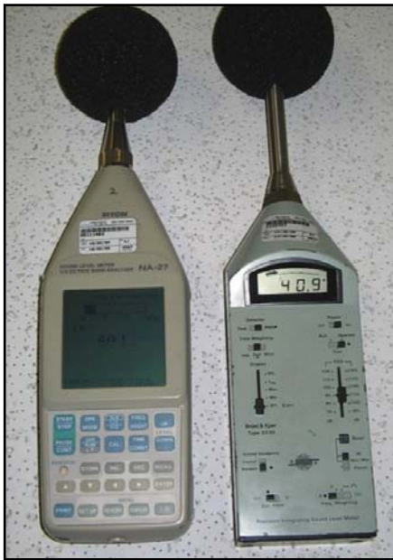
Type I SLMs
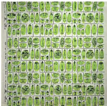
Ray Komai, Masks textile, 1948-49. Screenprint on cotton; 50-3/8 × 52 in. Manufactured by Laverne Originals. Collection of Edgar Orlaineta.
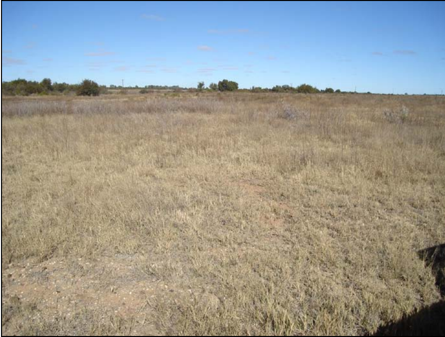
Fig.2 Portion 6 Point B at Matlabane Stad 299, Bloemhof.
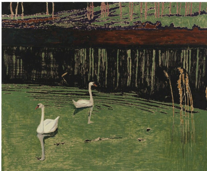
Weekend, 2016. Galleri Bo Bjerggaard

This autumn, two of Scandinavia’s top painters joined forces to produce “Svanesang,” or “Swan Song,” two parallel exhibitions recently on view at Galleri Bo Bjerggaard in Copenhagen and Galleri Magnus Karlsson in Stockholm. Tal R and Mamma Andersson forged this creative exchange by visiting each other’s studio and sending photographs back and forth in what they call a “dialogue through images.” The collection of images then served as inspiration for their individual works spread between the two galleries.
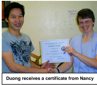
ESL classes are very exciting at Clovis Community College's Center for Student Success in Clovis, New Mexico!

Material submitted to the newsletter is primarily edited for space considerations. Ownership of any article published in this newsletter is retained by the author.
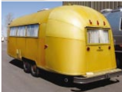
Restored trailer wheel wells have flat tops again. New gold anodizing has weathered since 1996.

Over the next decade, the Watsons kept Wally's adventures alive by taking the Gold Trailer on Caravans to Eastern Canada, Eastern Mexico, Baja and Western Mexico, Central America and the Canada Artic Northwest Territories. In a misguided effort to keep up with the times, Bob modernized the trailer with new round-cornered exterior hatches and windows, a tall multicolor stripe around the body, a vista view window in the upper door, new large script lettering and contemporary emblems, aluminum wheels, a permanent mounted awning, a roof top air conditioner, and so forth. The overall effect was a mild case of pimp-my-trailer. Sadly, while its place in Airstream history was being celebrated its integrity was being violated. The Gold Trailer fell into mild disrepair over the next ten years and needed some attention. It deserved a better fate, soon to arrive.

========================================================================

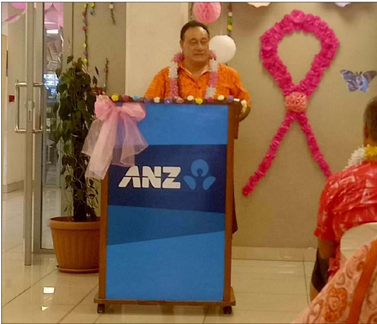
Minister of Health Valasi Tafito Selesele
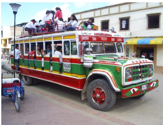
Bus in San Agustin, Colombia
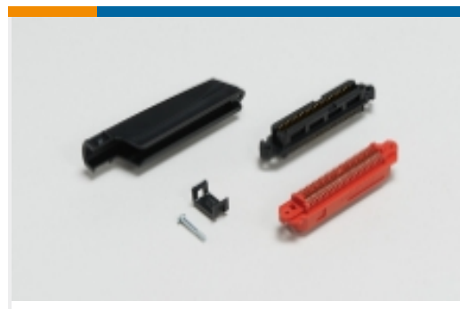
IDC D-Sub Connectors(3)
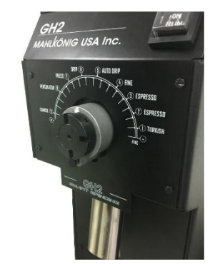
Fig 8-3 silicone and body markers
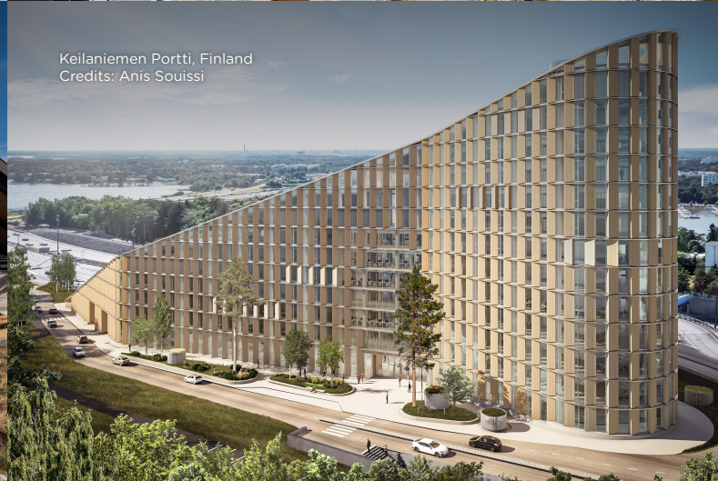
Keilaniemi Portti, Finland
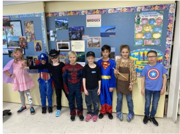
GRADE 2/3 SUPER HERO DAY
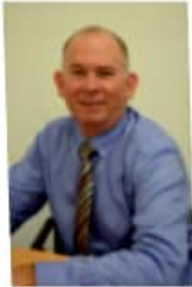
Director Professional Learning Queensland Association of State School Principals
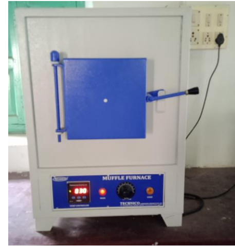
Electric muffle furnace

========================================================================

=== EXERCISE ===
Scan the lines above for the word "trailer". Return each one that has it.

=== EXERCISE RESPONSE ===
Restored trailer wheel wells have flat tops again. New gold anodizing has weathered since 1996.
Over the next decade, the Watsons kept Wally's adventures alive by taking the Gold Trailer on Caravans to Eastern Canada, Eastern Mexico, Baja and Western Mexico, Central America and the Canada Artic Northwest Territories. In a misguided effort to keep up with the times, Bob modernized the trailer with new round-cornered exterior hatches and windows, a tall multicolor stripe around the body, a vista view window in the upper door, new large script lettering and contemporary emblems, aluminum wheels, a permanent mounted awning, a roof top air conditioner, and so forth. The overall effect was a mild case of pimp-my-trailer. Sadly, while its place in Airstream history was being celebrated its integrity was being violated. The Gold Trailer fell into mild disrepair over the next ten years and needed some attention. It deserved a better fate, soon to arrive.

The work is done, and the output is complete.